Your goal
Exactly the lines from the beginning of the records to the line with "Figura 3 – Beijo, Joanesburgo, África", both ends included, are to be given again, and pictures are to be left out.

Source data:
=== Begin Enclosure ===
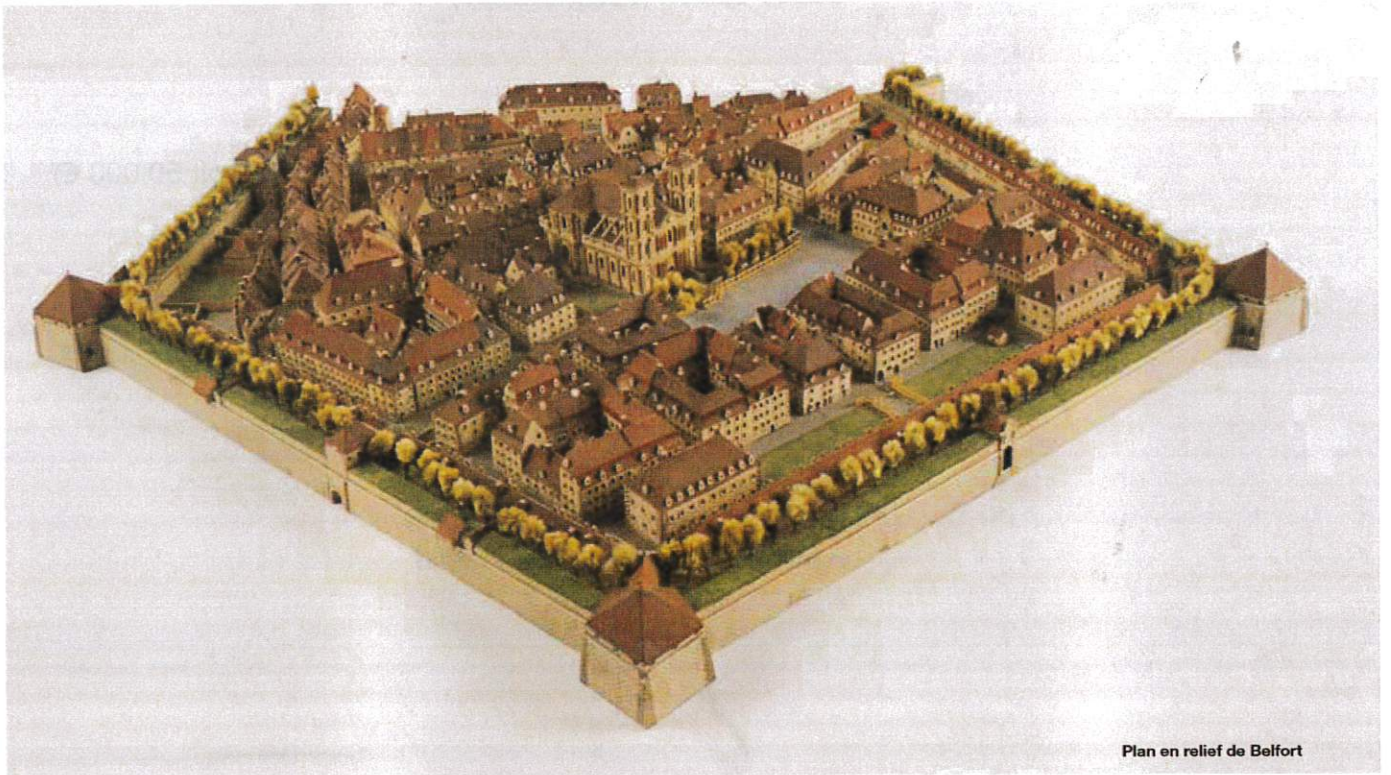
Plan en relief de Belfort

Belfort face à l'Allemagne. Belfort face aux Prussiens. Et le Lion de Belfort, place Denfert-Rochereau... C'est toute la mystique de la France républicaine après la défaite de 1870 qui s'exprime par le nom de cette ville. Elle a fait vibrer tous les patriotes de la Belle-Époque, c'est-à-dire à peu près la France entière, puisque les Français, toute opinion politique et classe sociale confondues, attendaient la revanche.
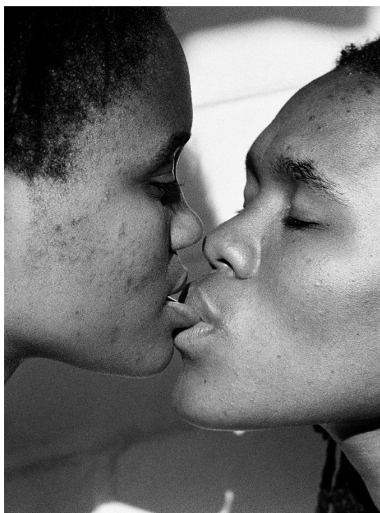
Figura 3 – Beijo, Joanesburgo, África do Sul, 2003

As fêmeas excluídas por e nessa descrição não eram apenas subordinadas, elas também eram vistas e tratadas como animais, em um sentido mais profundo que o da identificação das mulheres brancas com a natureza, as crianças e os animais pequenos. As fêmeas não brancas eram consideradas animais no sentido de seres "sem gênero", marcadas sexualmente como fêmeas, mas sem as características da feminilidade. As fêmeas racializadas com seres inferiores foram transformadas de animais a diferentes versões de mulher [...]. Portanto, a violação heterossexual das relações de gênero entre os colonizados – quando isso foi conivente e favorável ao capitalismo eurocêntrico global e à dominação heterossexual das mulheres brancas.
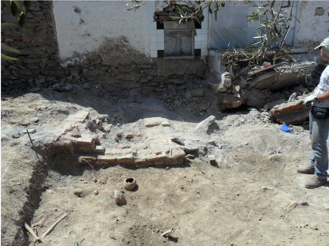
Fig. 24. Panorámica donde se observan las distintas tumbas contemporáneas que posiblemente afectaron a la fosa en la década de los años 50.
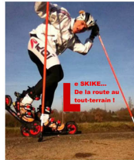
« le SKIKE... De la route au tout-terrain ! »
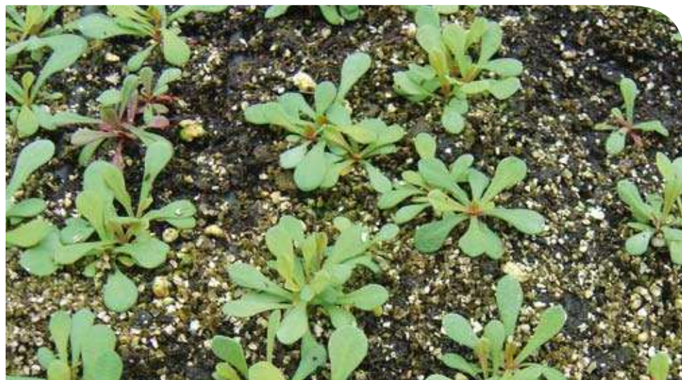
Producción de planta de L. mansanetianum .

La primera actuación se ha llevado a cabo en la localidad de Las Salinas, en el término municipal de Manuel, una de las poblaciones donde un alto porcentaje de individuos desapareció recientemente debido a movimientos de tierra que sepultaron gran parte de la población. En este lugar, se introdujeron dentro de un hábitat propio de Gypsophiletalia un total de 558 ejemplares en un área de 198 m 2 , quedando así la población aumentada en un 15,7 % respecto de su área de ocupación en este núcleo y en un 7,7 % respecto del tamaño poblacional total.
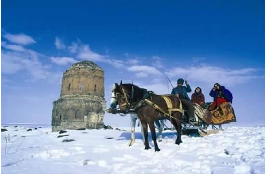
Resim 5: Ani Harabeleri (Halaskar Kilisesi)
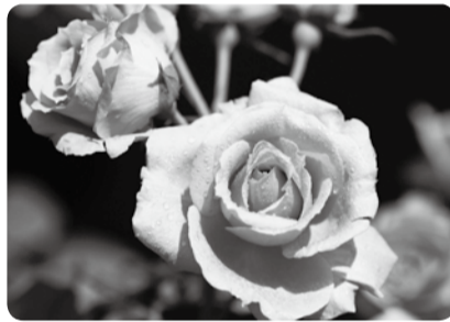
透明感のある薄紫が特徴の「ローズいちかわ」

ここでお知らせする「花と緑の市民講座」は、市川市緑の基金が行う講座です。市民の花であるバラの育て方や、著名な講師による素敵なガーデニング講座、職人の技を生かした生け垣講座など、初心者の方でも基礎から学べます。ぜひこの機会にガーデニングにチャレンジし、「ガーデニング・シティ いちかわ」のまちづくりにご協力ください。
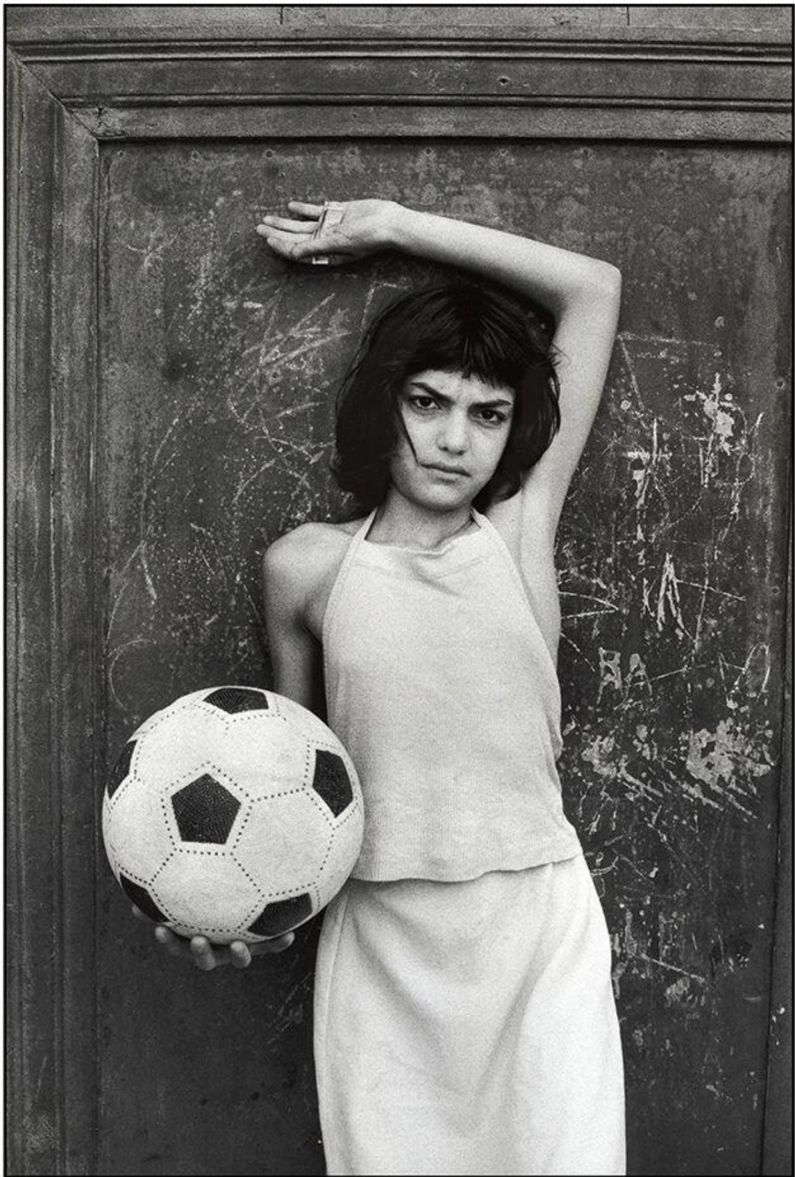
Letizia Battaglia, La bambina con il pallone, quartiere la Cala, Palermo, 1980.
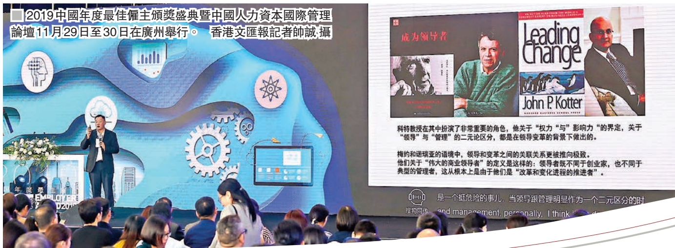
2019中國年度最佳僱主頒獎盛典暨中國人力資本國際管理論壇11月29日至30日在廣州舉行。
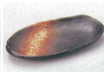
283-14-021 790円 0102283014 いぶし備前 手造風万能皿 (21×11.5×2.5cm)
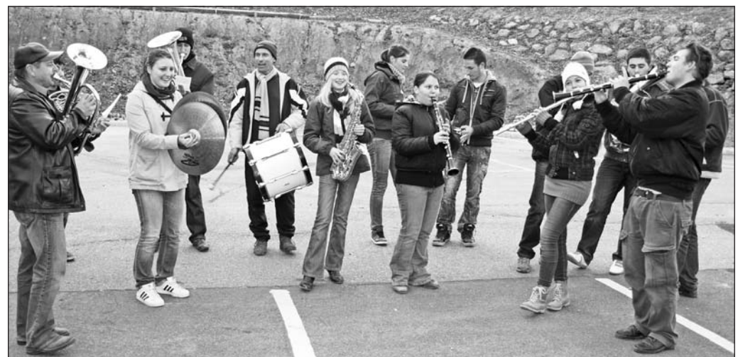
Gyakorlás a friss levegőn.
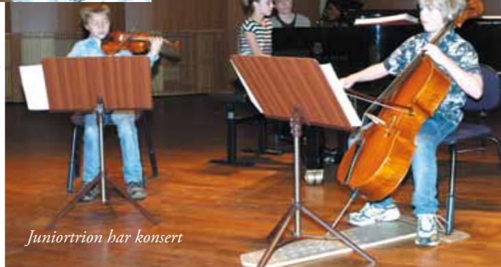
Juniortrion har konsert
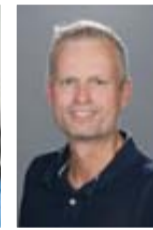
Michael Heil Redaktion
=== End Enclosure ===
Solved exercise
Plan en relief de Belfort

Belfort face à l'Allemagne. Belfort face aux Prussiens. Et le Lion de Belfort, place Denfert-Rochereau... C'est toute la mystique de la France républicaine après la défaite de 1870 qui s'exprime par le nom de cette ville. Elle a fait vibrer tous les patriotes de la Belle-Époque, c'est-à-dire à peu près la France entière, puisque les Français, toute opinion politique et classe sociale confondues, attendaient la revanche.
Figura 3 – Beijo, Joanesburgo, África do Sul, 2003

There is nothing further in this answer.